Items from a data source
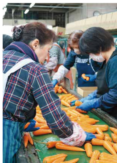
規格ごとに選別するパート職員ら

北区の木崎露地野菜生産組合にんじん部会で秋冬ニンジンの出荷がピークを迎えました。豊栄青果物センターでは、JA職員やパート職員ら約30名が出荷作業に追われています。今年産は猛暑による影響で発芽率が低く、収量は平年の7割程になる見込みですが、品質と太りは良好です。
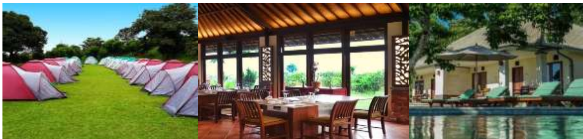
Gambar 3. Pembangunan Fisik Dari Pengelola Bagus Agro Pelaga

Jadi kolaborasi pemerintah dengan swasta dalam kepemimpinan cukup terealisasi dalam regulasi/kebijakan, pemasaran, dan pelatihan. Selanjutnya kepemimpinan dari sektor swasta dalam pengembangan sangat berperan penting dalam pembangunan fisik dari Bagus Agro Pelaga. Pembangunan fisik yang dimaksud pembangunan rumah penginapan, restoran, wantilan, gazebo, jogging track , camping ground dan tempat aktivitas lainnya. Contohnya seperti beberapa gambar:
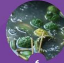
6 ต้มใบลาน
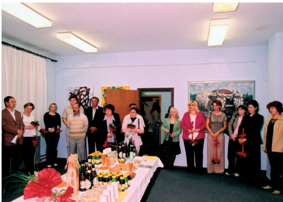
Na otvaranju izložbe

U stalnom otkrivanju onog neizrečenog, Goran je u zanosu stvaranja koje će u budućnosti, sasvim sigurno, progovoriti na nov i neobičan način i nama je za oslušnuti taj jezik njegovih umjetnina.
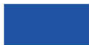
Ultra Blue 701

* PERMASOL ROOF PAINT tidak dapat digunakan pada permukaan genteng berglazur.
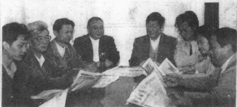
市政协学习中心组学习党的十四届六中全会文件
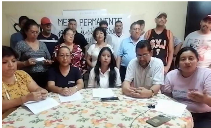
La Mesa Permanente por la Justicia Laboral calificó los despidos como una “transgresión a la estabilidad laboral”.

“A los y las trabajadoras de la Alcaldía de Soyapango se les ha impedido el ingreso a las instalaciones o centros de trabajo. Y la
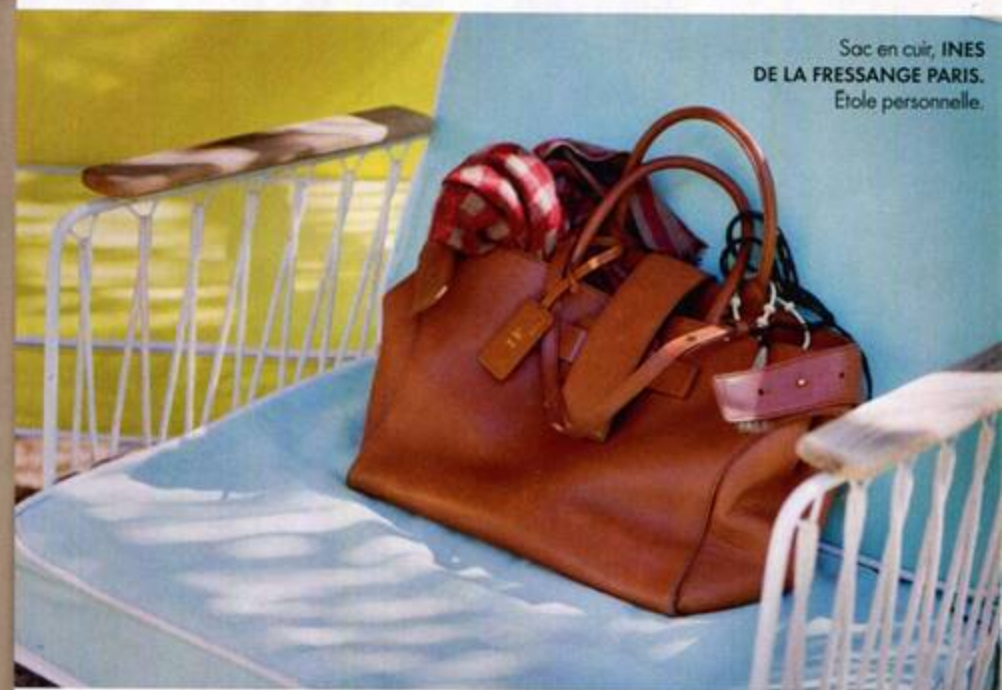
Sac en cuir, INES DE LA FRESSANGE PARIS. Étole personnelle.

→ Problem to work on
Set down all of the entries precisely and keep the pictures out of the copy.

→ Expected answer
規格ごとに選別するパート職員ら

北区の木崎露地野菜生産組合にんじん部会で秋冬ニンジンの出荷がピークを迎えました。豊栄青果物センターでは、JA職員やパート職員ら約30名が出荷作業に追われています。今年産は猛暑による影響で発芽率が低く、収量は平年の7割程になる見込みですが、品質と太りは良好です。
Gambar 3. Pembangunan Fisik Dari Pengelola Bagus Agro Pelaga

Jadi kolaborasi pemerintah dengan swasta dalam kepemimpinan cukup terealisasi dalam regulasi/kebijakan, pemasaran, dan pelatihan. Selanjutnya kepemimpinan dari sektor swasta dalam pengembangan sangat berperan penting dalam pembangunan fisik dari Bagus Agro Pelaga. Pembangunan fisik yang dimaksud pembangunan rumah penginapan, restoran, wantilan, gazebo, jogging track , camping ground dan tempat aktivitas lainnya. Contohnya seperti beberapa gambar:
6 ต้มใบลาน
Na otvaranju izložbe

U stalnom otkrivanju onog neizrečenog, Goran je u zanosu stvaranja koje će u budućnosti, sasvim sigurno, progovoriti na nov i neobičan način i nama je za oslušnuti taj jezik njegovih umjetnina.
Ultra Blue 701

* PERMASOL ROOF PAINT tidak dapat digunakan pada permukaan genteng berglazur.
市政协学习中心组学习党的十四届六中全会文件
La Mesa Permanente por la Justicia Laboral calificó los despidos como una “transgresión a la estabilidad laboral”.

“A los y las trabajadoras de la Alcaldía de Soyapango se les ha impedido el ingreso a las instalaciones o centros de trabajo. Y la
Sac en cuir, INES DE LA FRESSANGE PARIS. Étole personnelle.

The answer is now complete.